I've been trading into Key West every winter (Jan -April timeframe) since 2000.  Every time I've received an exchange into Hyatt's Beach Place, except for one time we were placed into Windward Pointe.  The rooms at Windward are slightly nicer/newer than Beach House but I prefer the location at Beach House.  I really enjoy the Beach House and look forward to going there every year.

I've always listed Banyon and Galleon as options but have never been placed in either.  I use II and I'm assuming that is the reason for not getting the Galleon as it seams that the lion's share of owners there are RCI affiliated.  As to the Banyon, my guess is that the inventory there is significantly less than any of the Hyatts.  The Galleon is clearly the winner when it comes to location, of course that is subjective depending on what you are interested in, but most people want to be within walking distance from Duval and Mallory Square.  Their rooms, however, at least from what I saw when I asked to see them, are significantly lower grade than Hyatt's Beach House or Windward Pointe.


----------



## ml855 (May 9, 2008)

mas said:


> I've been trading into Key West every winter (Jan -April timeframe) since 2000.  Every time I've received an exchange into Hyatt's Beach Place, except for one time we were placed into Windward Pointe.  The rooms at Windward are slightly nicer/newer than Beach House but I prefer the location at Beach House.  I really enjoy the Beach House and look forward to going there every year.
> 
> I've always listed Banyon and Galleon as options but have never been placed in either.  I use II and I'm assuming that is the reason for not getting the Galleon as it seams that the lion's share of owners there are RCI affiliated.  As to the Banyon, my guess is that the inventory there is significantly less than any of the Hyatts.  The Galleon is clearly the winner when it comes to location, of course that is subjective depending on what you are interested in, but most people want to be within walking distance from Duval and Mallory Square.  Their rooms, however, at least from what I saw when I asked to see them, are significantly lower grade than Hyatt's Beach House or Windward Pointe.

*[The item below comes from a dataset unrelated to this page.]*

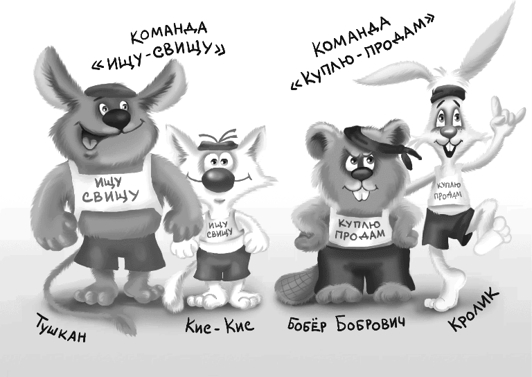 – Следом за ними в фиолетовых трусах выходят спортсмены от лавки бобра Бобровича: Кролик и бобёр. Их команда называется «Куплю-продам», – продолжала ворона.

If you don't mind me asking what did you use for your trade.  I have an exchange request for any of the Hyatts for next winter, Jan - April.  Thanks.


----------



## mas (May 13, 2008)

I've used Cypress Harbour and Kona Coast Resort.  I've never had a problem getting the exchange.


----------



## lll1929 (May 13, 2008)

A few days ago, there were several Hyatts avail in II during Aug and Sept 08.  

http://www.tugbbs.com/forums/showthread.php?t=71095

Oops, I just re-read and saw that you trade RCI.


----------



## ml855 (May 13, 2008)

mas said:


> I've used Cypress Harbour and Kona Coast Resort.  I've never had a problem getting the exchange.



Thanks,  how long did you have the request going before II match your exchange.  Plus, when did you place your request, was it a year out, longer than a year, 7 months etc.?


----------



## mas (May 13, 2008)

ml855 said:


> Thanks,  how long did you have the request going before II match your exchange.  Plus, when did you place your request, was it a year out, longer than a year, 7 months etc.?



My requests are placed normally 10-12 months before the requested dates.  My dates are always between the end of Jan. to the end of April with the largest percentage in Feb-March.  The exchanges usually come through anywhere between Sept thru early Dec.


----------



## ml855 (May 14, 2008)

mas said:


> My requests are placed normally 10-12 months before the requested dates.  My dates are always between the end of Jan. to the end of April with the largest percentage in Feb-March.  The exchanges usually come through anywhere between Sept thru early Dec.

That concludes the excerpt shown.